Version 0.2 (accepted)

· Oct 1, 2021 · Academic Editor

Accept

The reviewers and I are satisfied with the revisions the authors have implemented. The revised manuscript is now acceptable for publication. Thank you for finding PeerJ as your journal of choice. Looking forward to your future scholarly contributions.
Congratulations and very best regards.

·

Basic reporting

Well written and modified manuscript

Experimental design

Modified as suggested and satisfactory

Validity of the findings

Satisfactory modification done

Additional comments

Acceptable to the satisfaction

·

Basic reporting

The article reads well and has all the necessary elements for publication.

Experimental design

Research methods are well described and do not need further corrections.

Validity of the findings

Findings, analysis and conclusions are sound and well explained.

Additional comments

All issues raised by me in the first reading of the manuscript have been covered by the authors. No additional comments.

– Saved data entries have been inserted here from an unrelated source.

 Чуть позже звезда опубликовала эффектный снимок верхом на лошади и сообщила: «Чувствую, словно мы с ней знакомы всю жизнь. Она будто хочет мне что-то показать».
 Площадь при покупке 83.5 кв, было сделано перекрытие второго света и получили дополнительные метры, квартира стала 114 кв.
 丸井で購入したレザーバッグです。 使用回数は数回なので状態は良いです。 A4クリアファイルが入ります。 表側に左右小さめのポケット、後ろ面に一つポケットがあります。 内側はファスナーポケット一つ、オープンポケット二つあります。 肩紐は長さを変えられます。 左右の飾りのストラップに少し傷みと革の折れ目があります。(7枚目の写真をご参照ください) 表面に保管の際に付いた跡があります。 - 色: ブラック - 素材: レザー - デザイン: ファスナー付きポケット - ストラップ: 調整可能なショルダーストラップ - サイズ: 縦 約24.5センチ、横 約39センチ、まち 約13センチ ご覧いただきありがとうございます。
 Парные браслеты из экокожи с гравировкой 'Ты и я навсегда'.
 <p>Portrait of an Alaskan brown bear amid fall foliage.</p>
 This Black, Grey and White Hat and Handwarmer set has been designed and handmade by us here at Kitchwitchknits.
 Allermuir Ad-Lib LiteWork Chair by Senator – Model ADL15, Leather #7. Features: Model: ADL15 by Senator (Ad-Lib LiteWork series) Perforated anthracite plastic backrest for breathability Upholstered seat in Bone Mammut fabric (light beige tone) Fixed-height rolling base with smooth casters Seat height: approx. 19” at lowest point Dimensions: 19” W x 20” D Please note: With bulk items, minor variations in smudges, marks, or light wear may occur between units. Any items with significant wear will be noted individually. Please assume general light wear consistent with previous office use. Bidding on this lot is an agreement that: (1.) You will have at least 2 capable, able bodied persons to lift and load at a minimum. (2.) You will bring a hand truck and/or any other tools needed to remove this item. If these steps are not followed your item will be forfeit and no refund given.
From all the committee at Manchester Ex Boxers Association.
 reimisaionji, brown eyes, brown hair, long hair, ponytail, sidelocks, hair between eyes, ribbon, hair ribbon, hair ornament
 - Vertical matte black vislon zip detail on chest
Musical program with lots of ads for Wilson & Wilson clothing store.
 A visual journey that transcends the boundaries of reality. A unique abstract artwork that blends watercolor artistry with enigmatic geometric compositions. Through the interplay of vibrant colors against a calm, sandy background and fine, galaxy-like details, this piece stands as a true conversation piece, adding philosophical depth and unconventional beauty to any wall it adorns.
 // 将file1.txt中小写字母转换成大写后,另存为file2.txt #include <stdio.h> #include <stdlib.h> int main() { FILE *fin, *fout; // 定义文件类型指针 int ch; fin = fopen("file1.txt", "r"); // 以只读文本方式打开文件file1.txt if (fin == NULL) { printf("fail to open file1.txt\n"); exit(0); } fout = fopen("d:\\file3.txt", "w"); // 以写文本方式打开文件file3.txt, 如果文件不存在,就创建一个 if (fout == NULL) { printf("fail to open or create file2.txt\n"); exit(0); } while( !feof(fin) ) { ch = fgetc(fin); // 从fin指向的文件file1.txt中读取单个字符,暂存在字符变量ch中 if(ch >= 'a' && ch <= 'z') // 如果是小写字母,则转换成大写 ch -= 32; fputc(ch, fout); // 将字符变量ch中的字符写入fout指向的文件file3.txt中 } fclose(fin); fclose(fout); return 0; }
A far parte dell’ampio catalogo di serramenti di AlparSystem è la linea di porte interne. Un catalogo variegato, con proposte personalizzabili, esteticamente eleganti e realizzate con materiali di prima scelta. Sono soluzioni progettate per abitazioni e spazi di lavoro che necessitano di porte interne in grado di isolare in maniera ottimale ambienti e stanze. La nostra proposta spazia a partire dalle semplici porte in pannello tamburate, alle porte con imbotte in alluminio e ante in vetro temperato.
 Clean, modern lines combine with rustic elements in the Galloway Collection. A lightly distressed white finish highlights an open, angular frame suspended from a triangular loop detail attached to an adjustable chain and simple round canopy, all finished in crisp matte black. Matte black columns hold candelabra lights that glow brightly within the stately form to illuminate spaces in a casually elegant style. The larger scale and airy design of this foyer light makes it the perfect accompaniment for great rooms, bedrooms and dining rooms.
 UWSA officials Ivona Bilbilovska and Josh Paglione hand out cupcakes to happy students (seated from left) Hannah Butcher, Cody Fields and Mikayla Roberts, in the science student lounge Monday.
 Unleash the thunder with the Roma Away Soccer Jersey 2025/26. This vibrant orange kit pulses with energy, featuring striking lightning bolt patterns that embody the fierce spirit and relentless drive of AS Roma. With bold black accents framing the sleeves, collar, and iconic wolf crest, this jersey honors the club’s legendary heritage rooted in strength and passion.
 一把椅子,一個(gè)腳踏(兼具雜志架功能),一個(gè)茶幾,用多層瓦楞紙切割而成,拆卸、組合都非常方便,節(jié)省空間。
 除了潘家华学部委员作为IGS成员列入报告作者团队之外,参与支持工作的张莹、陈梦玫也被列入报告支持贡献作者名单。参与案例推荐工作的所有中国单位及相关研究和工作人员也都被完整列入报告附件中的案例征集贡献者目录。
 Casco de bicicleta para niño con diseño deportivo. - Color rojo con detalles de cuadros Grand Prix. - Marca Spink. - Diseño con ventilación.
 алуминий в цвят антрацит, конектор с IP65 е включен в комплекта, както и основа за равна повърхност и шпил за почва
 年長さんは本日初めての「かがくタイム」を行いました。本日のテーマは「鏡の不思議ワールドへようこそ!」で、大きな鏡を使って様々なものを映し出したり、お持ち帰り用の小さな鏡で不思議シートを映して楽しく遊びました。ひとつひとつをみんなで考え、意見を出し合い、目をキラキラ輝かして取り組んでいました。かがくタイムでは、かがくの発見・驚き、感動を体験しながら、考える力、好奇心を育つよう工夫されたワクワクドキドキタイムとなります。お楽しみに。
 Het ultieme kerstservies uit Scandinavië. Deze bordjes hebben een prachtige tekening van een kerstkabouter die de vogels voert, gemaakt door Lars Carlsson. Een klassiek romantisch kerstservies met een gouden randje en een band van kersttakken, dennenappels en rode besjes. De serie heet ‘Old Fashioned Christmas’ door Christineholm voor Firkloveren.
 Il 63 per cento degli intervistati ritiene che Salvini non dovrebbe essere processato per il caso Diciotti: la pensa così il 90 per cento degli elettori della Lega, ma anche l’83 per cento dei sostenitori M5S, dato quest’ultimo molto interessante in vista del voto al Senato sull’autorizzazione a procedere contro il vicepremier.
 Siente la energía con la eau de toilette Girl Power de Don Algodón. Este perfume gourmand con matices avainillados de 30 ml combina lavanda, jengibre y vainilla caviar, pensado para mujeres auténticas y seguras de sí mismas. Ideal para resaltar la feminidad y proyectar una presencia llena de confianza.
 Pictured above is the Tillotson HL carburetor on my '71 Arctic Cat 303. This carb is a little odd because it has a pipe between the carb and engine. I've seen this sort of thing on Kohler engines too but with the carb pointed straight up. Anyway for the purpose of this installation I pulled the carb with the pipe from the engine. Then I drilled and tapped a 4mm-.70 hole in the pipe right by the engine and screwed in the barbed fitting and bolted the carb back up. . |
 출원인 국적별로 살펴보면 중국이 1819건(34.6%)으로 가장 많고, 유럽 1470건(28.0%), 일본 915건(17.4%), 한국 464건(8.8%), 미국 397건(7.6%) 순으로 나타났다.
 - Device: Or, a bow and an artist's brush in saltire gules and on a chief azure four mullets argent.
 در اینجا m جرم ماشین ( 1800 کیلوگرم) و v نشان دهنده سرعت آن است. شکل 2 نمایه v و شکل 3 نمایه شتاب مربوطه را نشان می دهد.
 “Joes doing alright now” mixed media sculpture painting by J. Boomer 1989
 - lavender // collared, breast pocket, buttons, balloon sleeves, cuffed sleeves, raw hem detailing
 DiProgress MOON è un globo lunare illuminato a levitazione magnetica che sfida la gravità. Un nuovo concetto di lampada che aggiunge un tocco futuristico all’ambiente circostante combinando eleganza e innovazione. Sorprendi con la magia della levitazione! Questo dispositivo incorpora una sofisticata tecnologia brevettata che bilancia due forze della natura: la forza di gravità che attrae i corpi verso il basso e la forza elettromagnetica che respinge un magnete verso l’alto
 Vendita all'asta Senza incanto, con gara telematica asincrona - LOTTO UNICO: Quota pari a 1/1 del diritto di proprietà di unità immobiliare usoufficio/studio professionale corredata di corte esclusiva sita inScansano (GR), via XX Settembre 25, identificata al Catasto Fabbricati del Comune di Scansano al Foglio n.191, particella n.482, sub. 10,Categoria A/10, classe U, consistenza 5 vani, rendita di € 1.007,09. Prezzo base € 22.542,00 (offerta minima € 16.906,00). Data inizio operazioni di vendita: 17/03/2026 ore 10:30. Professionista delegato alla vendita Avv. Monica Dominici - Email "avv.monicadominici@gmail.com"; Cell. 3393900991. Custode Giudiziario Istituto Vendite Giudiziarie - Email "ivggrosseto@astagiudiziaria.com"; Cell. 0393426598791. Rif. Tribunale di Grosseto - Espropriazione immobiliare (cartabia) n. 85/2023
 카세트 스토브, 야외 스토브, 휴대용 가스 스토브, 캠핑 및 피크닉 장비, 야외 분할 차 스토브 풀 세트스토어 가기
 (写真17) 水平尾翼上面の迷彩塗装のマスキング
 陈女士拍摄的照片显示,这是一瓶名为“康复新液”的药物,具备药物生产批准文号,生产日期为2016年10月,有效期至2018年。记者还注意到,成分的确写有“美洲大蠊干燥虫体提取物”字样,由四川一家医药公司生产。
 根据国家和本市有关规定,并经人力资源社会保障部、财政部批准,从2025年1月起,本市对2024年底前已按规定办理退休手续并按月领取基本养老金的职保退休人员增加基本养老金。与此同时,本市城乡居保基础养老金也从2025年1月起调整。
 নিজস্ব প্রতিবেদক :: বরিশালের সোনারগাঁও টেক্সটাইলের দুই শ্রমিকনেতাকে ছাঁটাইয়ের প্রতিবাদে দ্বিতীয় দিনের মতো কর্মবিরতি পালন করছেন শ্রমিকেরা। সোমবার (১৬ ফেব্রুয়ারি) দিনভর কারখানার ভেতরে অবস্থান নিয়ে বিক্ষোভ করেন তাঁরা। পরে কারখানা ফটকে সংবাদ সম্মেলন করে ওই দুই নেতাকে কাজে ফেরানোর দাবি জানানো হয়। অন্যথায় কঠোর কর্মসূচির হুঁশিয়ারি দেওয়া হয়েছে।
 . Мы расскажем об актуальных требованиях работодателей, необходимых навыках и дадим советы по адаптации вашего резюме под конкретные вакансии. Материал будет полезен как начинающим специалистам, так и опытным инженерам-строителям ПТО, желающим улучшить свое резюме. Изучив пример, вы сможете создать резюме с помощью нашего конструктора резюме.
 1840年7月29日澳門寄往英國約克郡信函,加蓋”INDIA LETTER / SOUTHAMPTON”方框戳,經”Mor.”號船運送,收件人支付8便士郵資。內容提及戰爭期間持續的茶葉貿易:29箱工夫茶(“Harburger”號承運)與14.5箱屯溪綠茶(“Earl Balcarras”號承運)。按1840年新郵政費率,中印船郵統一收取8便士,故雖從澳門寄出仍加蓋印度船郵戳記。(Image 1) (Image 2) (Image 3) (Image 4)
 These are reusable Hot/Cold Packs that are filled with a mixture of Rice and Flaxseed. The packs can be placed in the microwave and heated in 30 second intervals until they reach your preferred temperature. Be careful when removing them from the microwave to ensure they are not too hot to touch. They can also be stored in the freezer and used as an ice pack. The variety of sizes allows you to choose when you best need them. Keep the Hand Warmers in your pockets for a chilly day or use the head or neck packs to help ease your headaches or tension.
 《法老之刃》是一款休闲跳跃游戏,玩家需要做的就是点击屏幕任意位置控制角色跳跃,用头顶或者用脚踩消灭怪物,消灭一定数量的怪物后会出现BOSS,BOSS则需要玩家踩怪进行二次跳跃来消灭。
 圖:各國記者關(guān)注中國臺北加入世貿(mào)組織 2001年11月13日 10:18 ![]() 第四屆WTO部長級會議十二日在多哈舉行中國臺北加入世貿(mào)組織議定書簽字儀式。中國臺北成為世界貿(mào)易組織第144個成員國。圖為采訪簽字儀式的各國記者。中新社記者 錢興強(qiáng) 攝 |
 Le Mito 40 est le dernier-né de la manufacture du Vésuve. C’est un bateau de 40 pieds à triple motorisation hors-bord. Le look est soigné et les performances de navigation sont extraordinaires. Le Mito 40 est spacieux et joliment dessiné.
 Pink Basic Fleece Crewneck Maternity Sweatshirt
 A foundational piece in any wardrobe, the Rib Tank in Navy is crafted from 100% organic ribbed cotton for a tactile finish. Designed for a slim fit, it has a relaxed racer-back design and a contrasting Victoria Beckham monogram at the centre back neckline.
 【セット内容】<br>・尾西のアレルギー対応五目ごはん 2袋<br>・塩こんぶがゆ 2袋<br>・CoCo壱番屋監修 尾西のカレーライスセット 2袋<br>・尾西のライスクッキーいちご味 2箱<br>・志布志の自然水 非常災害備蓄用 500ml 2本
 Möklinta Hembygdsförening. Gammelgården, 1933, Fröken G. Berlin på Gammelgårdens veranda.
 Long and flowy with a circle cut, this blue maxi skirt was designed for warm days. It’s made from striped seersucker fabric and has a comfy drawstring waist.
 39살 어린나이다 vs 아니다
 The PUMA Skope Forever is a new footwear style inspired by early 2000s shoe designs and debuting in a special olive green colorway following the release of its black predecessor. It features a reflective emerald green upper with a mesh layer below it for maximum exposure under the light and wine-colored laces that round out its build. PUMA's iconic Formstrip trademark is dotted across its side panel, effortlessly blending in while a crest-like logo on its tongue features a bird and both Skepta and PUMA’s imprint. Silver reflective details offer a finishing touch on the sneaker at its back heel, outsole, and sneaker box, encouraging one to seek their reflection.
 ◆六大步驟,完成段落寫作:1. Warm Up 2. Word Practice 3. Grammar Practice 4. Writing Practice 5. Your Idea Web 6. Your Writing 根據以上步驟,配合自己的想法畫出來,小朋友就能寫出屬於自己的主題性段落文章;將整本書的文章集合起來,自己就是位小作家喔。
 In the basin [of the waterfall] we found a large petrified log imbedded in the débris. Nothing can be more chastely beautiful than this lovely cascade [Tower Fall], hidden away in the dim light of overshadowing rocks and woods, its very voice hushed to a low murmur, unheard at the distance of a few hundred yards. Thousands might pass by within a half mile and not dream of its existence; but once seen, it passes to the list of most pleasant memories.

Version 0.1 (original submission)

· Jun 22, 2021 · Academic Editor

Major Revisions

Reviewers have considered your work. They found a lot of merits but indicated concerns that have to be addressed. Please, authors, provide detailed feedback to address all concerns. Looking forward to your revised manuscript. Thank you very much

[# PeerJ Staff Note: It is PeerJ policy that additional references suggested during the peer-review process should only be included if the authors are in agreement that they are relevant and useful #]

[# PeerJ Staff Note: Please ensure that all review comments are addressed in a response letter and any edits or clarifications mentioned in the letter are also inserted into the revised manuscript where appropriate.  It is a common mistake to address reviewer questions in the response letter but not in the revised manuscript. If a reviewer raised a question then your readers will probably have the same question so you should ensure that the manuscript can stand alone without the response letter.  Directions on how to prepare a response letter can be found at: https://peerj.com/benefits/academic-rebuttal-letters/ #]

·

Basic reporting

1. There is no flow/continuity in the introduction and hence it can be reframed.

Instead, the reframed of the introduction in the following way can be considered:
- Globally and the country wise burden with current Covid 19 situation.
- What is HCC? Importance of HCC and its effects.
- Influencers of HCC, screening and control.
- The Need to assess / the rationale followed by objectives.

Experimental design

1. Study Design:
Before writing about study instrument the author could have mentioned ,
• Study design
• Sampling frame
• Study participants
• Inclusion & exclusion criteria
• Study period
• Sample size
2. Settings:
Addition of map of study location will help international audience to understand the demography of the study settings and boundaries followed by the characteristics like rural and education to have a flow.
Reference for lines 89-90 should be provided.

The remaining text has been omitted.